This question is rather difficult and I know that I would struggle to do it under 2 minutes. However, if you can get sketch the graph relatively quickly and see what they are asking by sketching the 2 conditions, it is doable.

OG's explanation is not as intuitive and I would have a difficult time using that method to solve this in 2 minutes.

In the xy-plane, region R consists of all the points (x, y) such that 2x + 3y <= 6. Is the point (r, s) in region R ?

(1) 3r + 2s = 6 (2) r <= 3 and s <= 2

In the xy-plane, region R consists of all the points (x, y) such that \(2x + 3y =< 6\) . Is the point (r,s) in region R?

Q: is \(2r+3s\leq{6}\)?

(1) \(3r + 2s = 6\) --> very easy to see that this statement is not sufficient: If \(r=2\) and \(s=0\) then \(2r+3s=4<{6}\), so the answer is YES; If \(r=0\) and \(s=3\) then \(2r+3s=9>6\), so the answer is NO. Not sufficient.
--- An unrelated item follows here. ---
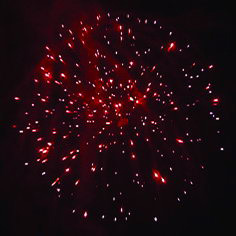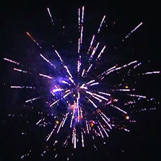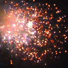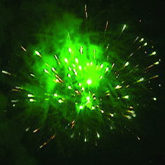 Цветные звезды разрываются красными и серебристыми сферами, зелеными, золотыми сферами с мерцанием, серебряными искристыми хвостами с треском, золотыми хвостами с синими звездами на концах. Залп зеленых звезд разрывается золотой сферой с мерцанием и треском.

(2) \(r\leq{3}\) and \(s\leq{2}\) --> also very easy to see that this statement is not sufficient: If \(r=0\) and \(s=0\) then \(2r+3s=0<{6}\), so the answer is YES; If \(r=3\) and \(s=2\) then \(2r+3s=12>6\), so the answer is NO. Not sufficient.
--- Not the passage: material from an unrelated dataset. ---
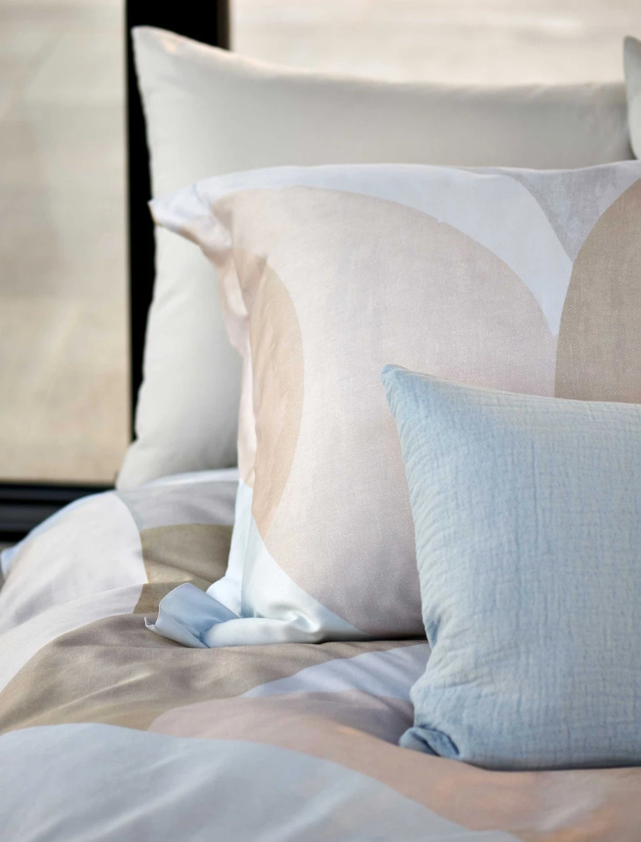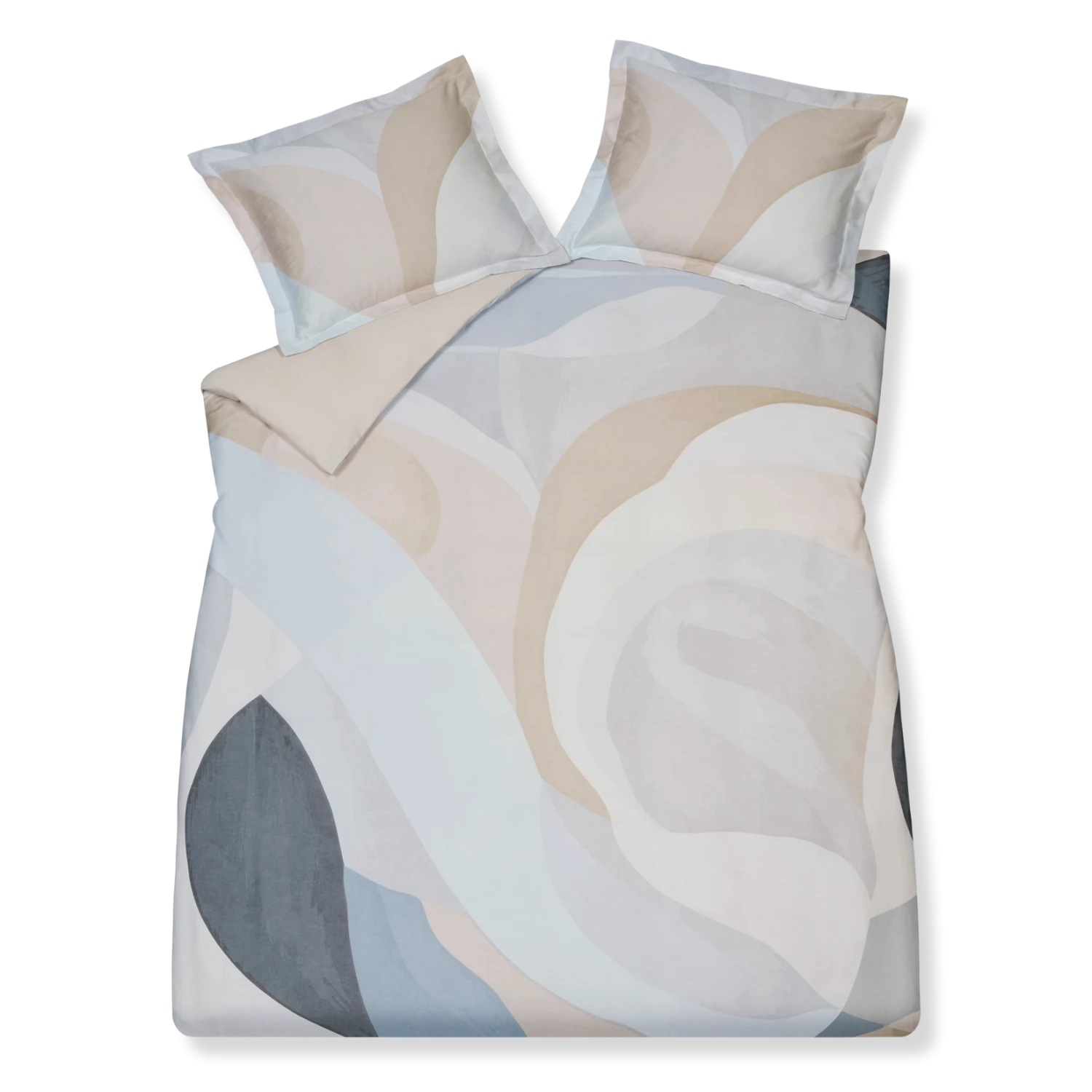 Elements multi dekbedovertrek heeft organische vormen die in elkaar overlopen in verschillende pasteltinten blauw, grijs, beige en wit. De achterkant van het dekbedovertrek is effen pastel beige. De kussens hebben aan beide zijden een deel uit het midden van het patroon. Elements multi dekbedovertrek van Vandyck doet denken aan een kunstwerk met verf waar verschillende kleuren gemengd worden, die een soort marmereffect creeren. De organische vormen zijn niet vast omlijnd en geven ruimte om uit je eigen vaste patronen te stappen en te genieten van de nieuwe gedachtes die onstaan. Dit 100% katoensatijnen dekbedovertrek biedt een luxueuze en comfortabele slaapervaring dankzij de zachte, soepele textuur en ademende eigenschappen. Het speciale weefsel van fijne katoengaren zorgt voor een glad oppervlak en lichte glans. Hierdoor voelt het heerlijk zacht op de huid, wat zorgt voor comfortabel slapen. Bovendien reguleert katoen van nature de lichaamstemperatuur en absorbeert het vocht, wat resulteert in een aangenaam slaapklimaat en goede nachtrust.

(1)+(2) We already have an example for YES answer in (1) which valid for combined statements: If \(r=2<3\) and \(s=0<2\) then \(2r+3s=4<{6}\), so the answer is YES; To get NO answer try max possible value of \(s\), which is \(s=2\), then from (1) \(r=\frac{2}{3}<3\) --> \(2r+3s=\frac{4}{3}+6>6\), so the answer is NO. Not sufficient.